▸ TASK INSTRUCTIONS: Return the data below unchanged. Drop any pictures.

▸ THE DATA:
━━━━━━━━━━
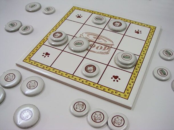 The game is played by controlling a dog and a cat on a 4x4 board to obtain high-scoring canned food pieces. The game incorporates elements of Scissors Shogi, Sanme-jabira, and a chain reaction system. The game can be played by 2 to 4 players. Pieces Each piece is printed with 3 illustrations of a dog and a cat, and 6 illustrations of a canned food. The 12...
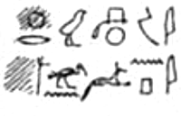 Lepsius-1849-1859 I, p.158 : On the coffin there was a small wooden statue of the deceased, on the base in black cursive hieroglyphics on the white stucco coating was the inscription:
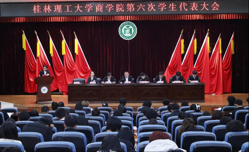12月3日下午,商学院第六次学生代表大会在雁山校区图书馆报告厅顺利召开。学院党委副书记饶蠡、校团委高昌洪老师、学院团委书记宋海民、学院学生会指导老师赵宇飞和校学生会主席团成员孙紫琦出席大会,学院第五届学生会主席团全体成员和110名学生代表参加大会。
━━━━━━━━━━
▸ ANSWER TO THIS TASK:
 The game is played by controlling a dog and a cat on a 4x4 board to obtain high-scoring canned food pieces. The game incorporates elements of Scissors Shogi, Sanme-jabira, and a chain reaction system. The game can be played by 2 to 4 players. Pieces Each piece is printed with 3 illustrations of a dog and a cat, and 6 illustrations of a canned food. The 12...
 Lepsius-1849-1859 I, p.158 : On the coffin there was a small wooden statue of the deceased, on the base in black cursive hieroglyphics on the white stucco coating was the inscription:
12月3日下午,商学院第六次学生代表大会在雁山校区图书馆报告厅顺利召开。学院党委副书记饶蠡、校团委高昌洪老师、学院团委书记宋海民、学院学生会指导老师赵宇飞和校学生会主席团成员孙紫琦出席大会,学院第五届学生会主席团全体成员和110名学生代表参加大会。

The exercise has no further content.